The federal case raised vexing issues of its own from the start. The use of the civil rights statute to convict blacks in an apparent racial murder was unprecedented. Some black activists objected to the use of the civil rights statute, arguing that Jews are not a “race” entitled to the statute’s protections. And indeed, the civil rights statute, initially drawn up because Southern juries could not be relied upon to convict whites in racial murders of blacks, did seem effectively turned on its head to protect a chasidic minority from a black majority in Crown Heights.
At the same time, chasidic community activists criticized the appeals court’s dismissal of the guilty verdict as the result of insignificant “technicalities.”
In the end, there was one thing on which all agreed: The justice system failed to offer satisfaction — not even a minimum measure of resolution or closure — either to the Jewish community or to the Rosenbaum and Nelson families.

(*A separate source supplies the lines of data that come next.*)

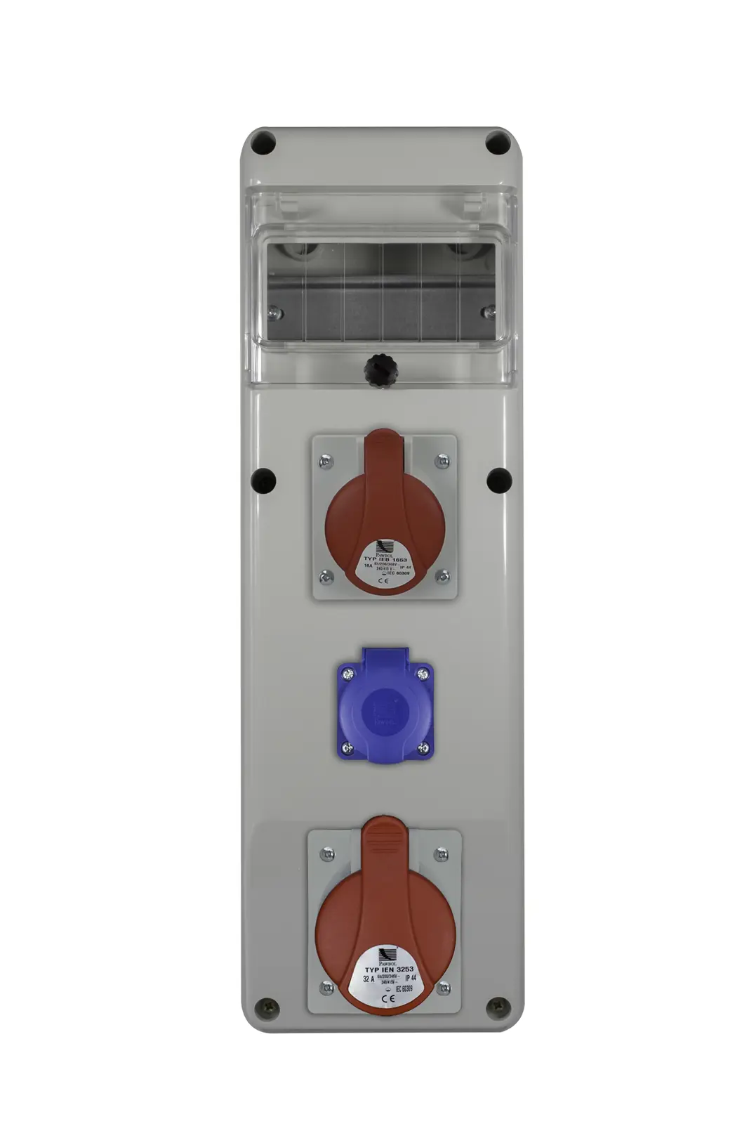 R-BOX SLIM-6, PG21, ABS, IP44 6S inšpekčné okienko 1x16A/250V 1x32A/5p 1x16A/5p Rozmery: 133/423,3/152mm Balenie: 1ks
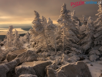 Puzzle Drzewa, Zima, Ośnieżone, Kamienie
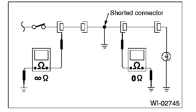 Disconnect all affected connectors, and check continuity between each connector and ground. When the ohmmeter indicates continuity between a particular connector and a ground, that connector is shorted.
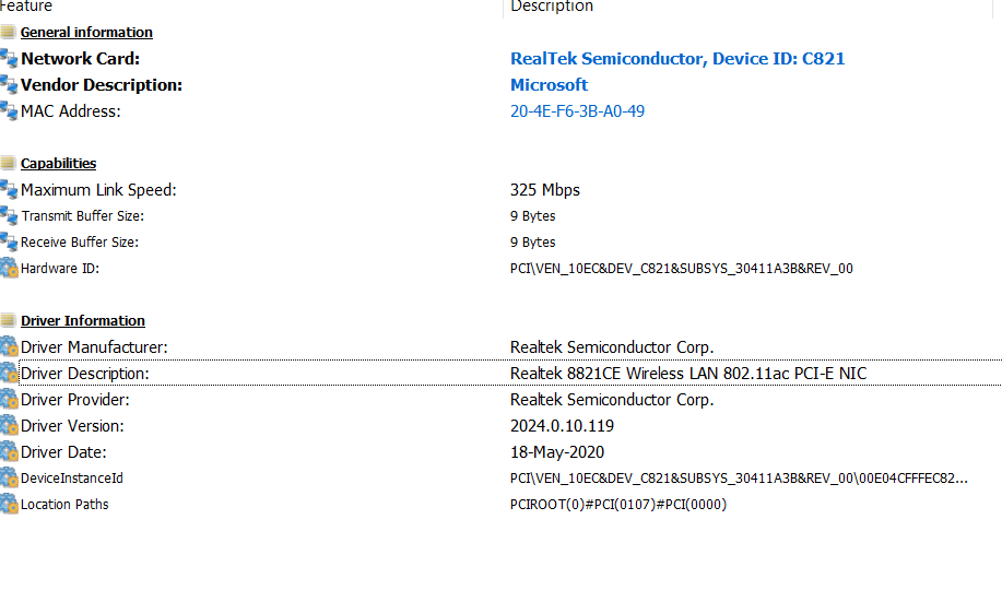 Die verbaute Netzwerkkarte hat eine Übertragungsrate von 433/433.

“Partially, the problem with the Crown Heights trial just reflects the enduringly vexatious way race complicates much of the criminal justice system,” said sociologist Jonathan Rieder of Barnard College.
Rieder compared Crown Heights to the O.J. Simpson trial as “one of those rare moments in which a legal case becomes a narrative of a much broader racial feeling and wound… in which each side sees it as a verdict of whose lives matter, black lives or Jewish lives. It just feeds the unwholesome dynamic of competitive victimization.”
But some twists in the case are not race driven. Most striking is the latest move by Nelson’s attorneys to prove Rosenbaum died of botched emergency care in the hospital. Due to a 2000 Supreme Court decision, jurors must now determine that the knife wounds directly caused Rosenbaum’s death in order to increase the maximum penalty from 10 years to life in prison. The prosecutors this week tried to bar Nelson’s lawyers from questioning medical examiners in the case about the alleged malpractice, saying it is “irrelevant” to the trial. The judge said Monday he would defer a final decision on whether negligence arguments would be heard by the jury until Friday when lawyers from both sides submit language to the court of instructions to be given to jurors on this latest issue.
“What we’re really relying upon is testimony from the first trial which indicates there were some untreated wounds on Mr. Rosenbaum that should’ve been treated and weren’t,” Nelson’s attorney, Richard Jasper, told the Forward.
As for Juror 46, after some “rethinking” Judge Block offered the lawyers a deal that would dismiss Juror 46 along with a juror Nelson’s lawyers found problematic, Juror 50, a white female with several members of her family in law enforcement who said she would “try to be fair” but was not sure she could. The lawyers took the deal. Despite the history of this case, Resnick said, “I think you could get a fair jury.”